しかし、ハウツー本して見た時、本書はかなり使えない本だと思う。私の知り合いには決して薦めない本だ。何故なら、一見すると、整理された項目が並んでいるように見える目次だが、それぞれの項目が有機的に関連していないように感じてならない。また、いかにも学者らしく冗長で無駄な説明が多く、自分の主張を説明することに重点が置かれていて読者の理解し易さへの意識が足りない。

要するに、実際に読んでみると分かり難いし、くどいし、応用しずらく学者の独り善がりのハウツー本だと感じた。

少なくとも本書で書かれている内容で大切だと思うことは、うちのブログ内で全て説明したことがあるし、私的に本書から学ぶ事は一つも無かった!

とにかくあまりにも常識的な事柄が多過ぎて、無駄な本である。まさに箇条書きで事足りるレベルの内容をわざわざ分かり難い具体例を挙げて、くどくど説明している。忙しいビジネスマンは絶対に読むべきではない!

統計の話やネットからの引用・検索のノウハウなら、はるかに使える事が他の本に書かれているし、そのいくつかはうちのブログ内にもまとめてある。専門書の読み方も、私的には効率の良い方法とも思えないし、はなはだ疑問が残る。

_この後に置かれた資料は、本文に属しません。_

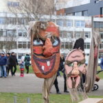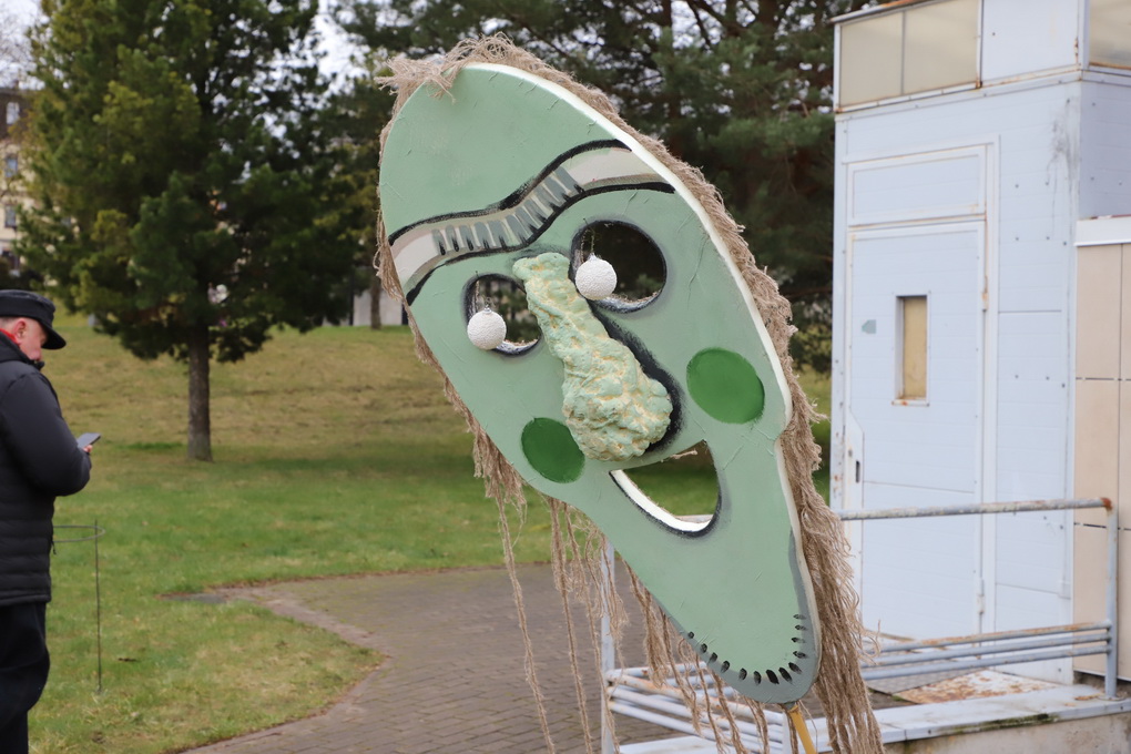 Užgavėnės Panevėžyje prasidėjo su vėjeliu – visomis prasmėmis. Kol svečiai šurmuliavo prie koncertui paruoštos scenos, įsismarkavęs vėjas išvartė šventines dekoracijas: stovai su didžiulėmis kaukėmis jam buvo it plunksnelės.
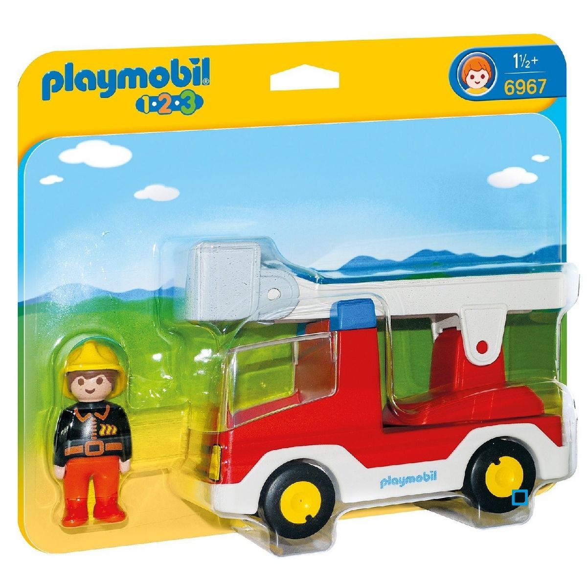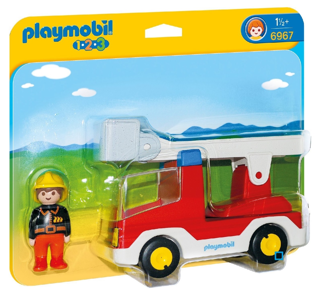 Grâce à son super équipement moderne, le pompier fait pivoter l’échelle pour sauver les personnes en danger. Découvre tes talents grâce à Playmobil 6967.

これは一例だが、本書内で出てくるサイモン氏の「経営行動」の話。私はその直系の教え子から講義を受けたことがあるが、あれは全然使えないだろう。訳語がどうのこうのというよりも、あくまでもあの時代だから受けてノーベル賞とっただけでしかない。 わざわざあのなのを例に出す気がしれない。

むしろ、具体的な統計データの読み方をもっと突っ込んで解説して欲しかった。表面的過ぎる解説に、不相応に頁をとった解説で、値段ばかり高い本はいただけない。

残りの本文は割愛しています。